Pennfield Schools Educational Foundation
Board of Trustees
Section 1.01 Name – This Michigan non-profit Foundation is a fund of the Battle Creek Community Foundation and shall be known as the Pennfield Schools Educational Foundation hereafter referred to as the “Foundation”.
Section 1.02 Members – This Foundation shall have no members. All Foundation actions shall be approved by the Board of Trustees as provided in these bylaws. All rights which would otherwise rest in the members shall rest in the trustees.
Section 1.03 General Powers – The property, affairs and business of the Foundation shall be managed by the trustees.
Section 1.04 Property – No trustee shall have any right, title or interest in or to the property of the Foundation.
Section 1.05 Trustees, Number, Qualifications and Term of Office –
- Qualifications – The trustees of the Foundation shall be anyone with a sincere interest and demonstrated commitment to support the mission and vision of the Foundation. The founding trustees shall be appointed by the Pennfield Schools Board of Education.
- Number – The trustees shall number as many as fifteen (15), but no less than eight (8). Any change in the number of trustees shall receive the approval by bylaws amendment provisions as hereinafter set forth of the trustees before it becomes effective.
- Standing Appointments –
- The Superintendent of Schools and the President of the Board of Education will hold permanent official seats with vote. Both the Superintendent and the President of the Board of Education shall have the right to be represented by a designee at all meetings.
- Two (2) student trustees may be appointed on an annual basis. Student trustees, whom are enrolled students at Pennfield High School, shall consist of an eleventh grade student and a twelfth grade student based on their classifications as of August of the year of the appointments. The term of the student trustees shall be one (1) year with each trustee holding office until the annual meeting one (1) year following their election. Trustees in this category shall not be eligible for election to more than two (2) successive terms of office. Student trustees shall vote and may be officers of the Foundation. The Board of Trustees shall be comprised of no more than two (2) trustees sixteen (16) or seventeen (17) year of age.
- Terms of Office – Each trustee shall hold office until the annual meeting three (3) years following his or her election and until his or her successor shall have been elected, or until his or her death, or until he or she shall resign, or until he or she serve no more than two consecutive three-year terms. The term of office for approximately one-third of the trustees shall expire each year.
Section 1.06 Elections of New Trustees –
- At the last regular meeting of the fiscal year (FY April 1 to March 31), the nominating committee shall bring forward a slate of candidates for consideration to fill vacancies left from trustees who have completed their term. (Or left by trustees whose term has expired.)
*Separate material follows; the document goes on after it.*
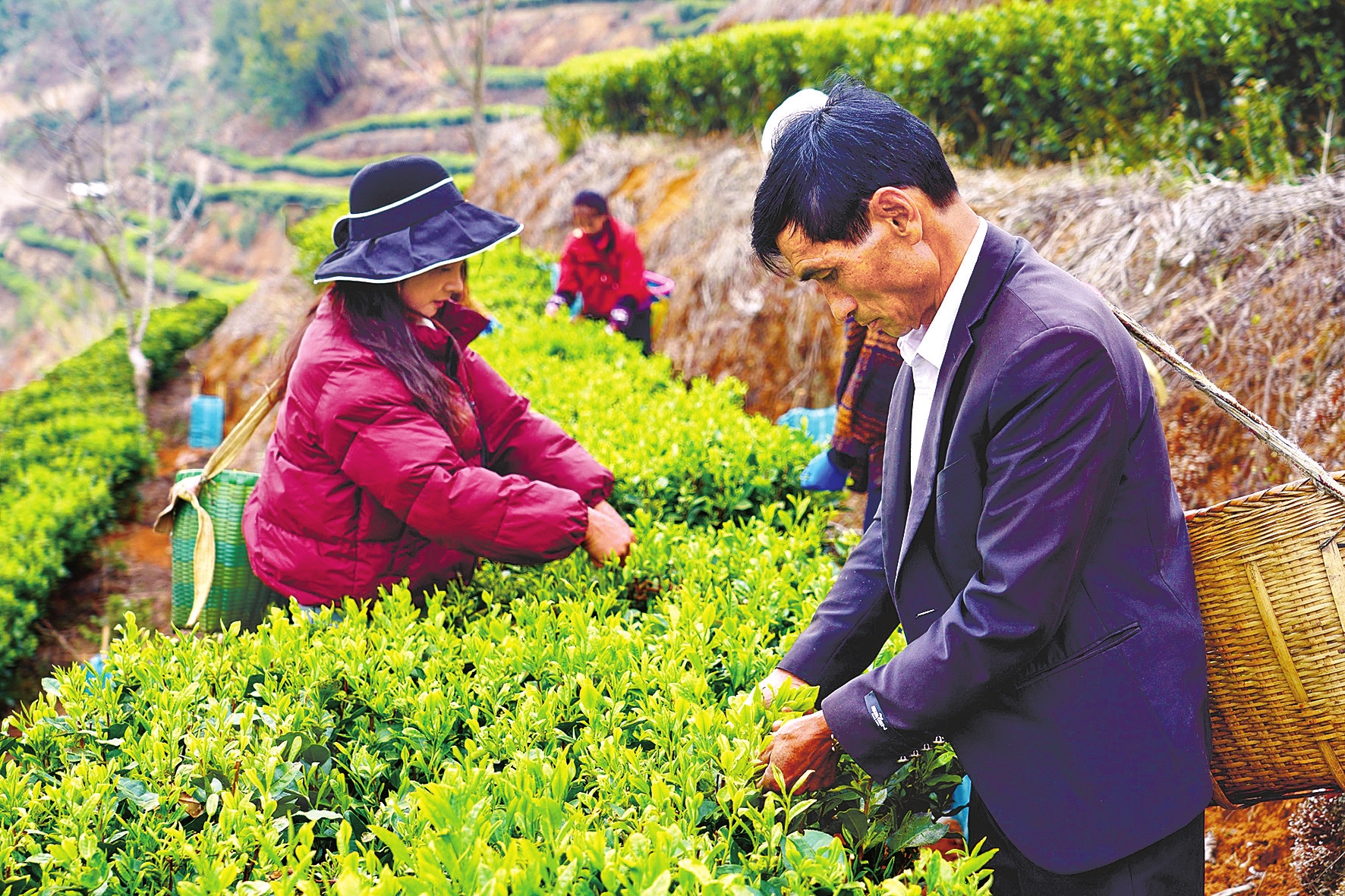 随着气温攀升,作为昌宁县31.5万亩茶园中率先开采的品种,黄旦茶早早吐露新芽,拉开了全县春茶采摘的序幕。2月25日,在翁堵镇立木山村,茶农鲁金相邀约村民结伴上山,大家肩挎竹篓、指尖翻飞,一掐一摘间,饱满紧实的芽尖纷纷落入篓中,头茬春茶新鲜“上线”。

- New Trustees must be elected by a majority vote of the Board of Trustees.
Section 1.07 Resignation – Any trustee of the Foundation may resign at any time by giving written notice to the Chairperson of the Board or to the Secretary of the Foundation. The resignation of any trustee shall take effect at the time specified therein; and, unless otherwise specified therein, the acceptance of such resignation shall not be necessary to make it effective.
Section 1.08 Vacancies –
- In the case of mid-term vacancies on the Board of Trustees for whatever reason, the Nominating Committee shall present the Board with a list of potential candidates to fill the vacancies within 60 days from the time the vacancy is formally recognized by the Board.
- The committee shall develop this list by reviewing past applications of potential trustees who went through the application and interviewing process but were not elected. If no suitable applicants are found, the committee shall follow the steps as outlined in Section 4.01 Nominating Committee.
- If there are less than eight (8) months until regular elections, the vacant trustee positions may remain open if there are a sufficient number of trustee positions filled to conduct business until that time.
Section 2.01 Place of Meeting – The Board of Trustees may hold its meetings at such place or places as determined by the Board of Trustees.
Section 2.02 Annual Meeting – As soon as practical and not more than sixty (60) days after the beginning of a new fiscal year (FY April 1 to March 31), the annual meeting of the Foundation shall be held for the purpose of electing officers of the Foundation and any other business or transactions as shall come before the meeting. Notice of the annual meeting shall be given in writing not less than ten (10) days prior to said meeting date to all trustees.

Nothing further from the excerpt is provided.